La Cassazione ha stabilito che l’assenza non comunicata per legge 104 configura una violazione del dovere di correttezza, che può essere gestita con un provvedimento disciplinare, ma non può comportare il licenziamento.

I permessi previsti dalla Legge 104/1992 sono un diritto essenziale per molti lavoratori che vivono personalmente una condizione di disabilità o si prendono cura di un familiare disabile. Solitamente i dipendenti che utilizzano tali permessi, informano preventivamente il datore di lavoro, quando intendono usufruirne. Cosa accade se la comunicazione non viene effettuata? Quali sono le conseguenze per il lavoratore? Il datore di lavoro può intervenire solo con un provvedimento disciplinare o può anche procedere con il licenziamento?

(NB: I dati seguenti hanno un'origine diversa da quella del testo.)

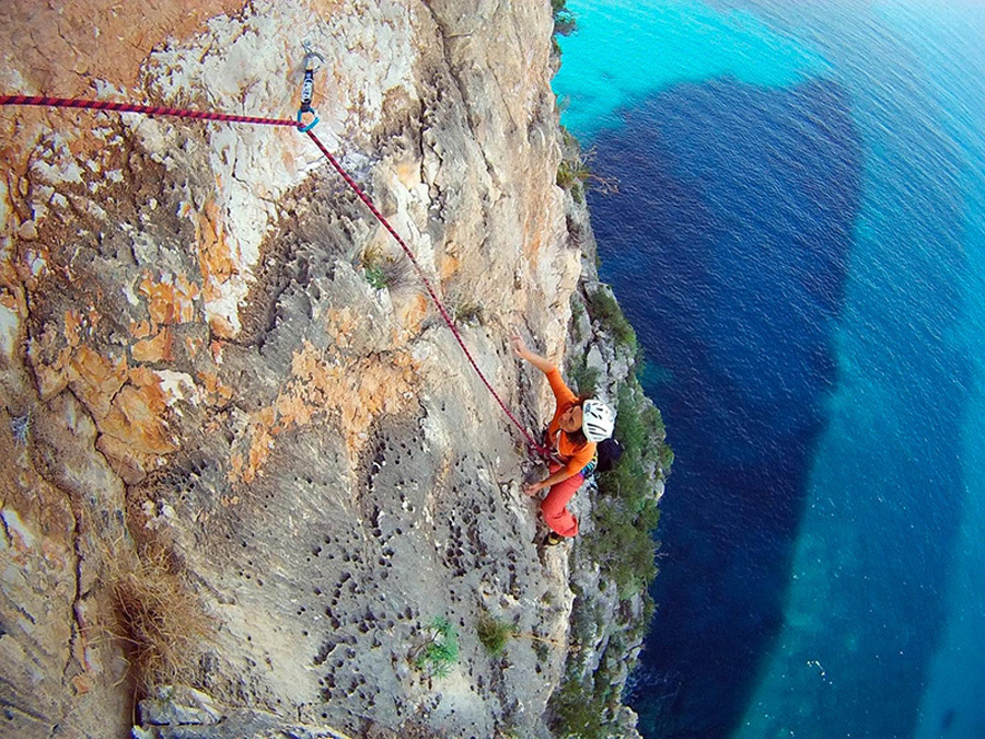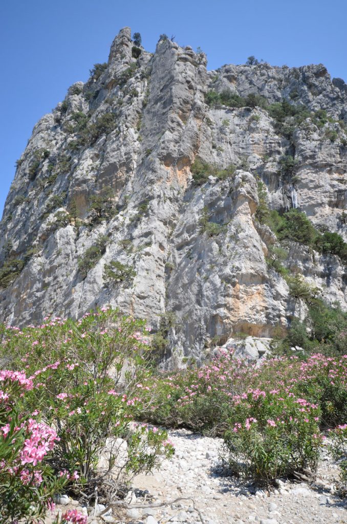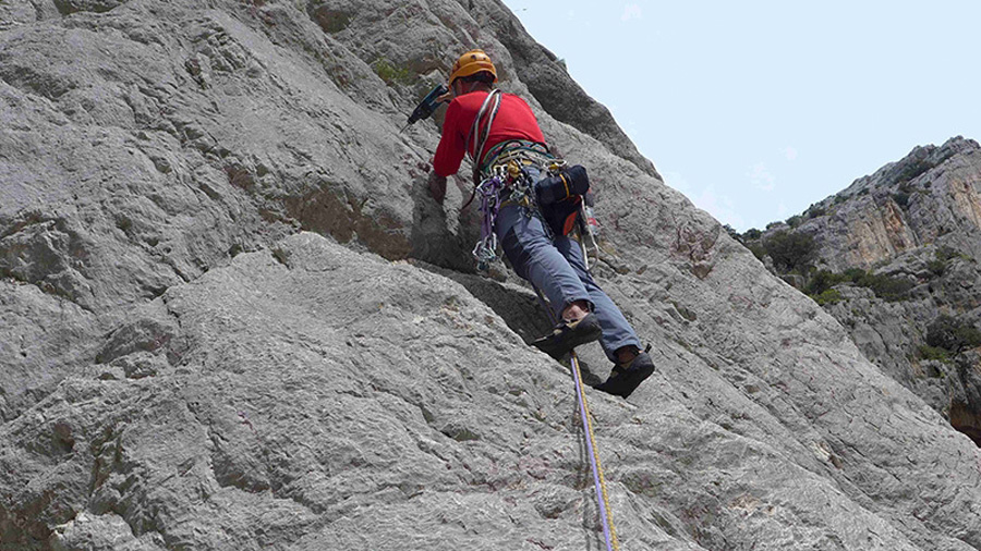 Poi commettemmo lo sbaglio: il giorno dopo ci lasciammo attirare da Lughe ‘e vida mia, una lunga via su uno spigolone secondario di Gorropu (Costas Mammaluccas) chiodata da Corrado Pìbiri e Fabio Erriu (maggio 2013). L’avvicinamento all’inizio era in discesa, da Sedda Ar Baccas si andava giù alle gole per almeno 400 m fino alle prime pozze, poi si saliva e si scendeva ancora in un caldo abbacinante. Speravamo in qualche folata di vento, magari proveniente dallo stretto fessurone della gola, ma l’afa non ci graziava. Di fronte a noi la bellissima e gigantesca parete ovest della Punta Cucuttos con le sue lisce placche che salgono come un toboga al contrario fino alla verticale parete finale. All’attacco della via, Giulia ebbe un lieve colpo di calore, rimanemmo indecisi qualche minuto se salire o no. Poi decidemmo che eravamo arrivati fino a lì e dunque… mi avviai. Andai avanti per otto tiri di corda, su roccia così stupenda da essere quasi monotona, ma alla sosta mi accorsi improvvisamente che non avevo quasi la forza di recuperare le due corde! Questo è un colpo di calore, mi dissi. E mi venne in mente quando ero stato più o meno così, all’ultimo giorno sulla Salathé del Capitan.

Sulla questione è intervenuta di recente la Corte di Cassazione: con una lettura garantista della legge 104, ha stabilito che la mancata comunicazione non può essere equiparata a un’assenza ingiustificata e pertanto il licenziamento è considerato illegittimo, a meno che non sia esplicitamente previsto dal contratto collettivo.

Con l’ordinanza 5611/2025, la Suprema Corte ha ribadito che è sempre necessario comunicare all’azienda, con debito anticipo, l’utilizzo dei permessi 104. Non è invece previsto che il dipendente chieda autorizzazione: il datore di lavoro non ha discrezionalità nel concederli, deve solo limitarsi a verificare la presenza dei requisiti di legge. In questo contesto, è doveroso sottolineare che non di rado le policy aziendali prevedono la compilazione di un modulo di richiesta dei permessi 104. Si tratta di una prassi di per sé lecita, se è finalizzata a un’ottimizzazione del lavoro, in relazione alle presenze/assenze dei dipendenti.

Il caso

L’iter giudiziario oggetto dell’ordinanza ha riguardato il licenziamento di un dipendente di una srl, che si è assentato dal lavoro usufruendo dei permessi ex art. 33, comma 3, della Legge 104/1992 – per oltre una settimana – senza fornire alcuna comunicazione all’azienda.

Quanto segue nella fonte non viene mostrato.